→ Exercise
Print the lines below from the line with "Великий день наближається" to the line with "Con relación a" exactly, keeping both ends, and print no pictures.

Dataset excerpts
↓↓↓

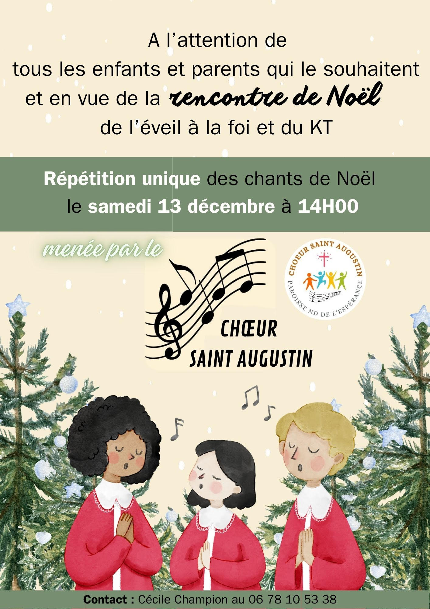 Le chœur st Augustin de la paroisse participera à la crèche vivante en proposant un répertoire de chants de Noël traditionnels et connus, permettant à chacun d'y prendre part si le cœur vous en dit. Une répétition unique est prévue pour les enfants et parents qui le souhaitent, le samedi 13 décembre à 14h.
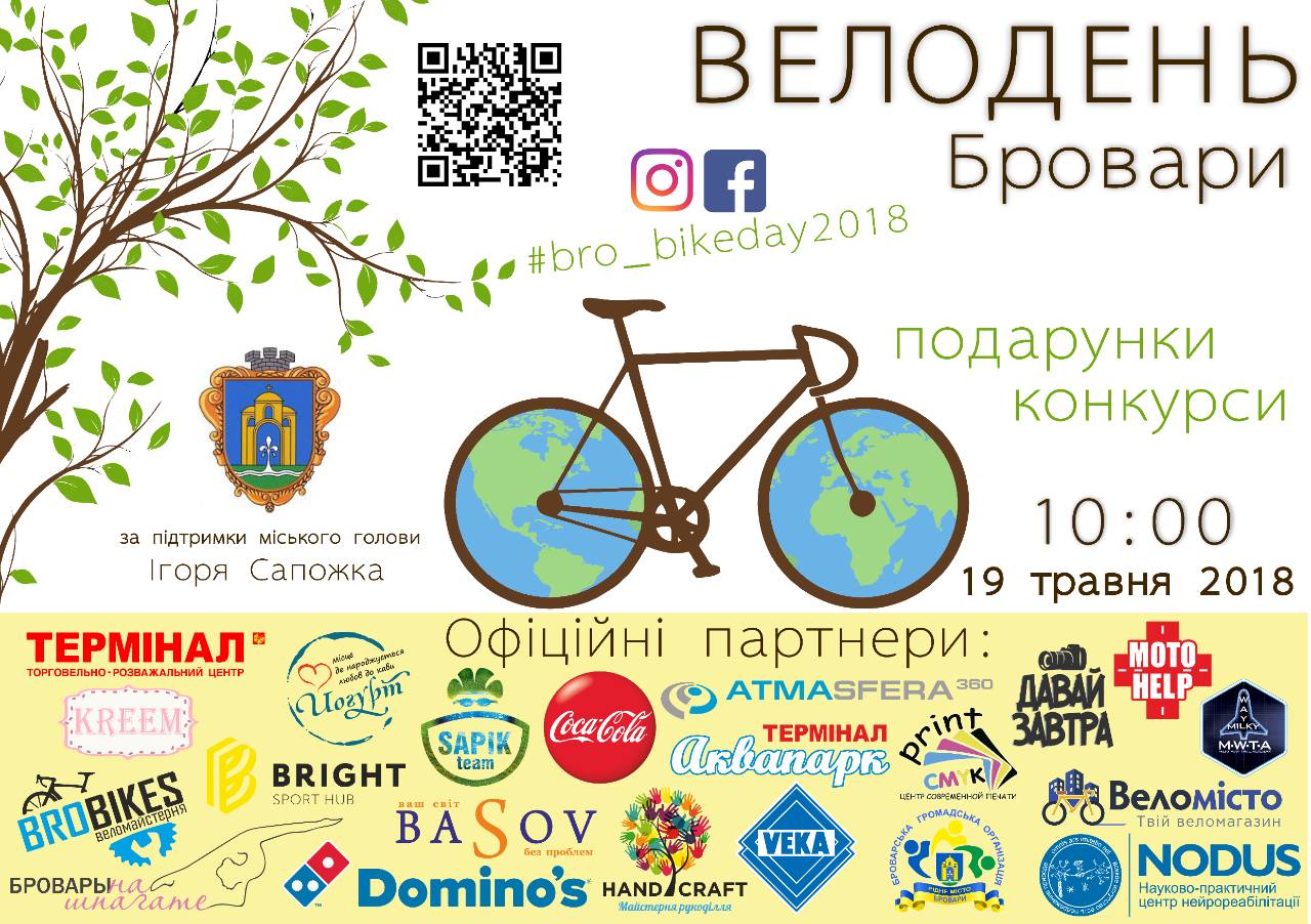 Великий день наближається в Броварах. Навіть Велодень! З велогонками, подарунками, конкурсами та всією належною до велосипедного свята атрибутикою.
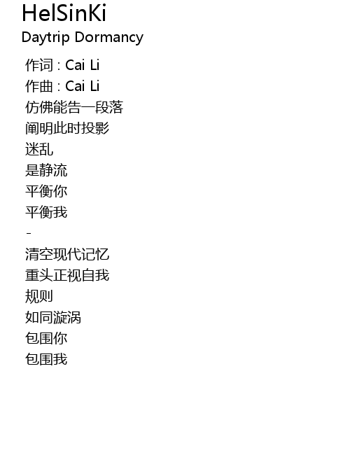 | [00:00.000] | 作词 : Cai Li |
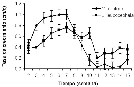Con relación a la tasa de crecimiento en función de la altura (Figura 7), se observó que en la semana siete para M. oleifera y nueve y diez para L. leucocephala se obtuvieron los mayores valores numéricos. Durante las primeras siete semanas M. oleifera exhibió un crecimiento significativamente más rápido que L. leucocephala. Sin embargo, en las semanas 8, 9, 11 y 15 no se observaron diferencias apreciables entre las especies.
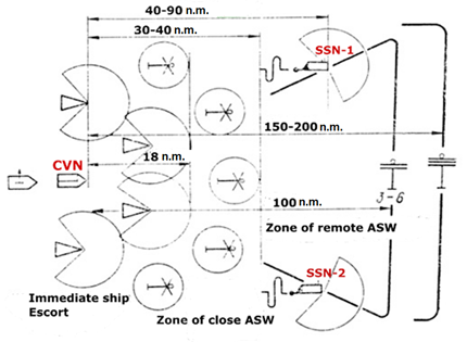 Σχήμα 1: Τυπικός κινούμενος σχηματισμός δύναμης κρούσης αεροπλανοφόρου του αμερικανικού ναυτικού, όπου φαίνεται ανεπτυγμένη η ανθυποβρυχιακή άμυνα σε βάθος. Τα παλαιότερης γενιάς σοβιετικά SSGN, προκειμένου να προσβάλλουν το αεροπλανοφόρο (CVN), θα έπρεπε να βρεθούν στην περιοχή μεταξύ της εγγύς και της μακράς ζώνης ανθυποβρυχιακής προστασίας (close & remote ASW zones), αφού δηλαδή θα είχαν προηγουμένως καταφέρει να προσπεράσουν χωρίς να εντοπισθούν τις περιπολίες των ανθυποβρυχιακών αεροσκαφών S-3 Viking και P-3C Orion, ενώ ακολουθούν τα ανθυποβρυχιακά ελικόπτερα SH-3 Sea King. Σχεδόν αμέσως μετά την επίθεση με τα κατευθυνόμενα βλήματα P-120 Malakhit (εμβέλειας 120 km), ουσιαστικά το SSGN προδίδει τη θέση του (flaming datum),[vi] τόσο οπτικά όσο και μέσω ανίχνευσης των βλημάτων από τα εναέρια ραντάρ των αεροσκαφών έγκαιρης προειδοποίησης E-2 Hawkeye, ενεργοποιώντας έτσι αλυσιδωτά τις αντιδράσεις της αεράμυνας της δύναμης (μαχητικά αεροσκάφη και κατευθυνόμενα βλήματα). Από την απόσταση των 120 km, τα υποηχητικά P-120 Malakhit χρειάζονται περίπου 7 λεπτά να καταφθάσουν στο στόχο τους, χρόνος που θεωρείται αρκετός για να αντιμετωπιστούν αποτελεσματικά. Ταυτόχρονα, τα ανθυποβρυχιακά ελικόπτερα SH-3 Sea King, με ταχύτητα 140 knots, μπορούν να καταφθάσουν στη θέση του υποβρυχίου (flaming datum) σε 5-20 λεπτά. Όμως, τα νεότερα SSGN είναι εξοπλισμένα με τα υπερηχητικά βλήματα Oniks (εμβέλειας 800 km) και τα υπερ-υπερηχητικά Zircon (εμβέλειας >1000 km), για τα οποία οι διατιθέμενοι χρόνοι αντίδρασης από την απόσταση των 800 km, είναι περίπου 19-20 λεπτά και 4 λεπτά, αντίστοιχα.
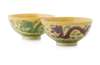 PAIR OF GREEN AND AUBERGINE GLAZE YELLOW GROUND 'DRAGON' BOWLS
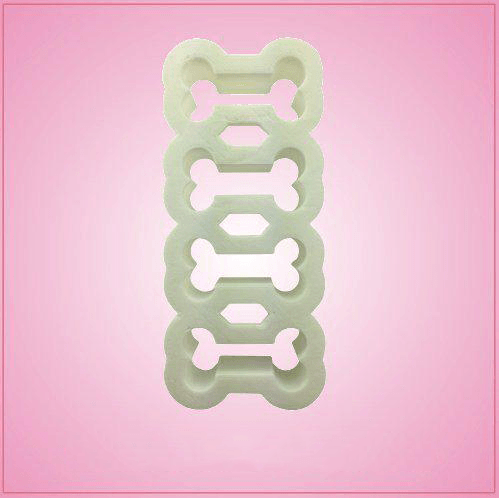 Our Multi Dog Bone cookie cutters are used to cut 4 dog bone shaped cookies at one time! We carry two sizes. On our larger version, each bone measures about 1 inch tall, 3 inches wide. On our smaller version, each bone measures 3/4 inches tall, just under 1-1/2 inches wide. Both are made of white plastic. Cleaning instructions: hand wash, towel dry. Buy your multi dog bone cookie cutter today!

↑↑↑

→ Expected answer
 Великий день наближається в Броварах. Навіть Велодень! З велогонками, подарунками, конкурсами та всією належною до велосипедного свята атрибутикою.
 | [00:00.000] | 作词 : Cai Li |
Con relación a la tasa de crecimiento en función de la altura (Figura 7), se observó que en la semana siete para M. oleifera y nueve y diez para L. leucocephala se obtuvieron los mayores valores numéricos. Durante las primeras siete semanas M. oleifera exhibió un crecimiento significativamente más rápido que L. leucocephala. Sin embargo, en las semanas 8, 9, 11 y 15 no se observaron diferencias apreciables entre las especies.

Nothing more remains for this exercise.